Contrary to the Scotland referendum in September, where UK Prime Minister David Cameron authorized a binding referendum, Spanish Prime Minister Mariano Rajoy refused any dialogue or agreement regarding Catalonian independence. But Catalonia claimed democracy with democratic instruments to solve its territorial problem.

Back in 2010, Catalans reviewed its Statute of Autonomy in an attempt to get more competences from the central government. However, the Spanish Constitutional Court declared unlawful some key articles referred to the justice system, financial authority and the definition of Catalonia as a nation. After that judgment, political and social self-determination movements started to rise and build on a snowball strategy to ask a referendum on Catalonian independence.

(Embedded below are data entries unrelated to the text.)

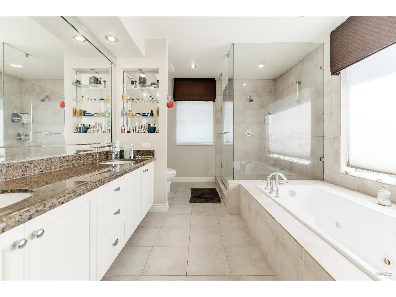 Prime location in Sherbrooke Estates-one of South Surrey's most desirable neighborhoods! This spacious 4 bed, 3 bath home sits on a large lot and offers 2,595 sq ft of functional living. The main floor features a bright, open layout with high ceilings, formal dining, cozy family room with electric fireplace, plus a versatile living room/office and a full bath with guest bedroom. Updated kitchen with quartz counters, island, new fridge, and newer gas stove. Upstairs includes 3 generous bedrooms, including a luxurious primary suite with jetted tub, heated floors, and granite counters. Bosch on-demand hot water, new paint, roof (2015). Walk to Elgin Park Secondary & Semiahmoo Trail Elementary. (id:52823)
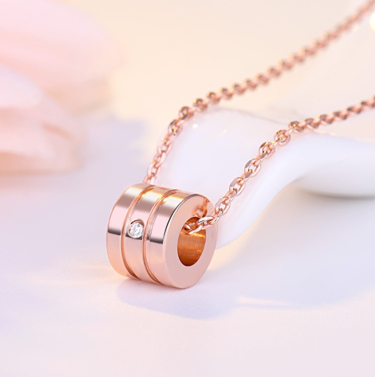 韓国版の小さい腰のチタンのネックレスの女性の鎖の骨の鎖のネットの赤いペンダントの清新なバラの金色のチタンの鋼はドリルの小さいネックレスを持ちます。
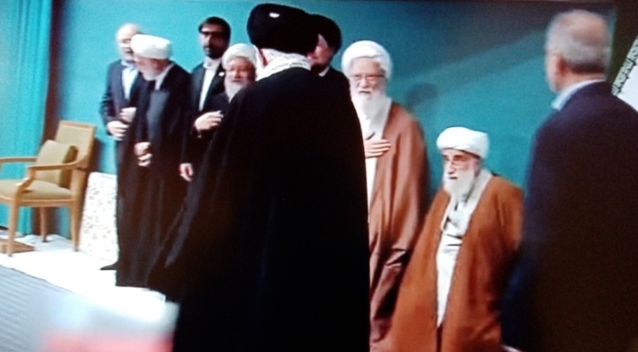 در خرداد ۱۳۸۹، در برنامهای که از تلویزیون ایران پخش شد، موضوع مربوط به موقت بودن انتخاب رئیس جمهور وقت (علی خامنهای) و تردید خبرگان در مورد اجتهاد وی حذف شد و به صورت: «آقایانی که با رهبری جناب آقای خامنهای موافق هستند قیام بفرمایند» پخش شد.
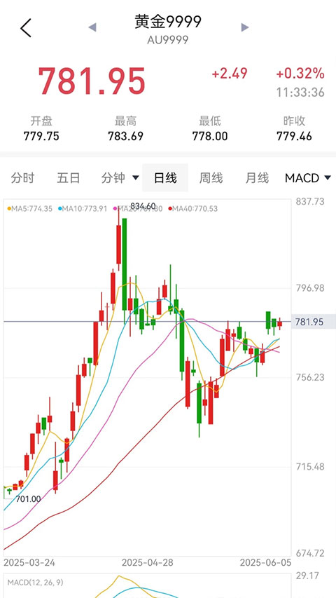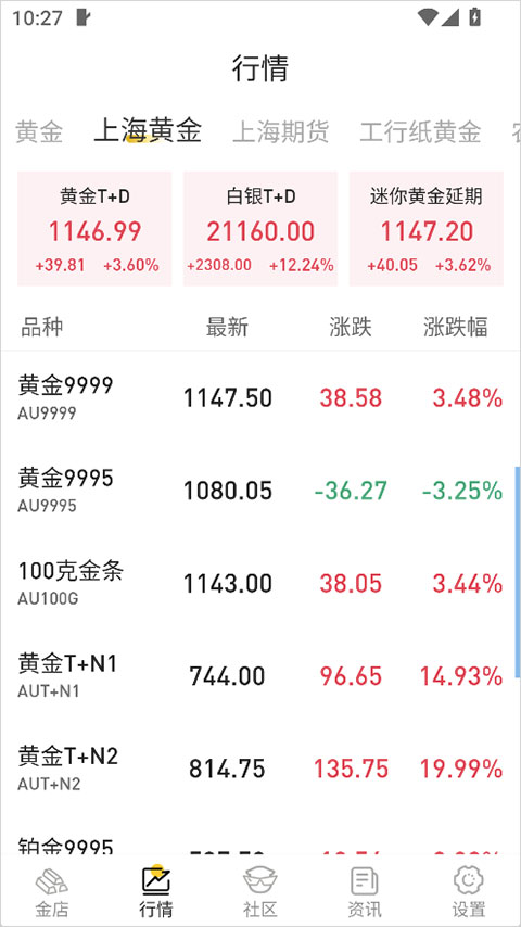 2、app还可以查看上海黄金交易所现货、期货黄金交易数据
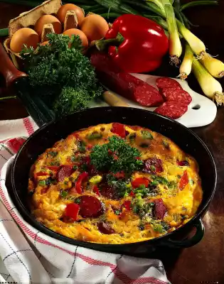 Clean, wash and cut the spring onions into rings. Peppers clean, wash and cut into pieces. Cut sausage into slices. Put eggs in a mixing bowl, whisk, stir in the milk and season with salt, pepper, nutmeg and paprika.

In May 2010, approximately one million people demonstrated against the Spanish Constitutional Court’s decision. On September 11 2012, the Catalan national day, 1.5 million people took to the streets of Barcelona. A year later, 1.6 million people participated in a 250-mile walk throughout the territory of Catalonia, requesting the government to call on a referendum. By 2013, the idea of “I want to vote” and “I want to decide” was well spread and supported by the majority of the population.  In September 2014, 1.8 million people gathered in Barcelona demanding the right of self-determination to be exercised in 2014.

The Spanish conservative government and the unionist parties (including the social-democrat party, PSOE) ignored Catalans’ demands and requests for dialog. In response, President Mas called for a non-binding referendum under Catalan law. However, the Spanish Constitutional Court suspended the Catalan referendum law, leaving a legal vacuum on how to proceed under the existing legal framework.

Catalonia is one of the wealthiest regions in Spain. Nevertheless, there is a 20% unemployment rate, leaving a significant portion of the population facing the risk of poverty. Social unrest is pervasive among social classes and age groups. In Barcelona, there are daily demonstrations against austerity programs and political corruption. The Spanish government’s dismissive attitude towards Catalan self-determination only adds to the political climate of anger and disillusion.

President Mas decided to continue with the referendum despite the Constitutional Court suspension.  As a result, the referendum became a political and social statement of the willingness of the Catalan people to truly exercise their rights and live in their sovereign democracy.

Catalonia as a nation has the political right to decide democratically on its future. The Popular Party and the PSOE are avoiding a political battle exploiting the Spanish Constitution, a text adopted in 1978 after the Franco dictatorship. Because the text does not reflect fully the reality of the country, it is illegitimate. Democracy should be a dynamic system where laws and constitutions are reformed to fit new realities and the desire of the majority is heard.

Catalans had a referendum, albeit a non-binding one, but with significant participation.  The Spanish government must find a political and democratic solution that answers Catalan demand. A binding referendum where Catalan people can decide their own future is the only democratic solution that respects the right of a nation to self-determination.